Enterprise Sales Help HP's Cause

The computer and printer maker sees advances in servers, PCs and notebooks but is cautious about claiming victory over the downturn.

HP is seeing an increase in sales of its enterprise products, but is more guarded than its Silicon Valley-based brethren when it comes to announcing the end to the downturn.

The Palo Alto, Calif.-based computer and printer maker reported financial results for its second fiscal quarter, including record revenue of $20.1 billion, an increase of 12 percent year-over-year. The number is the highest in quarterly revenue for the first time in its history.

Net income jumped by 34 percent to $884 million (29 cents per share), compared to $659 million (22 cents per share) during the same, year-ago quarter. On a case-by-case basis, the company said revenue in Personal Systems grew 17 percent year-over-year; HP Services grew 15 percent; Imaging and Printing grew 11 percent; Enterprise Storage and Servers grew 8 percent; Software grew 23 percent.

Chairman and CEO Carly Fiorina said HP's success in the last three months was due to record revenue in PCs, enterprise hardware, software, services and imaging and printing.

"HP delivered a strong quarter with solid revenue gains and continued profitability across the portfolio. These results demonstrate that we are winning and growing across the portfolio in an intensely competitive market," Fiorina said in a statement.

Regionally, HP is doing well. Sales in the Americas grew 4 percent to $8.4 billion; Europe grew 17 percent to $8.3 billion; Asia Pacific grew 22 percent to $2.4 billion; and Japan grew 21 percent to $967 million.

But Fiorina remained cautious, suggesting that competition from IBM, Dell, and Sun Microsystems is a force to be acknowledged along with the strength of the recent sales.

"Customers are willing to buy, but are discriminating when it comes to pricing," Fiorina said during a conference call to investors. "We are holding our own despite the rhetoric and we're more focused than ever in leading in the market."

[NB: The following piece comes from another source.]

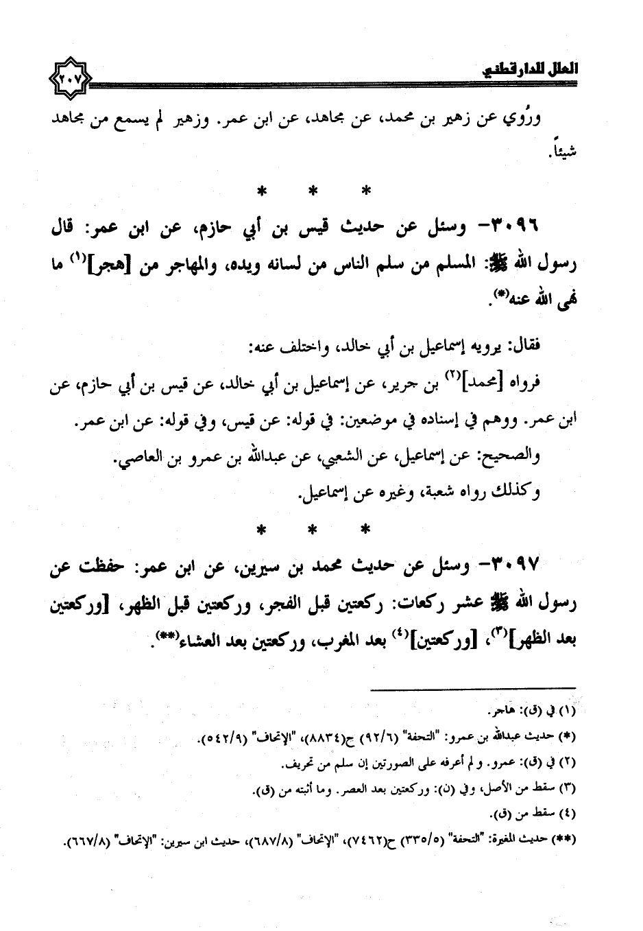 3096- وَسُئِلَ عَنْ حَدِيثِ: قَيْسِ بْنِ أَبِي حَازِمٍ، عَنِ ابْنِ عُمَرَ، قَالَ رَسُولُ اللَّهِ صَلَّى اللَّهُ عَلَيْهِ وسلم: المسلم من سلم الناس من لسانه ويده، والمهاجر من هجر ما نهى الله عنه.

Part of the problem, according to Fiorina, is the software part of HP's "Adaptive Enterprise" utility computing/visualization/provisioning strategy. The company said seven acquisitions since July 2003 resulted in an operating loss of $49 million for the quarter. The other earnings sapper, HP said, is an agreement by its Canadian subsidiary to settle a contract dispute and reimburse the Government of Canada USD$105 million.

By comparison, Fiorina's contemporaries including Michael Dell, Cisco's John Chambers, IBM's Sam Palmisano and Intel's Craig Barrett have not only recorded record profits in the last three months, but all four men said their outlook for the near-term at least was very favorable.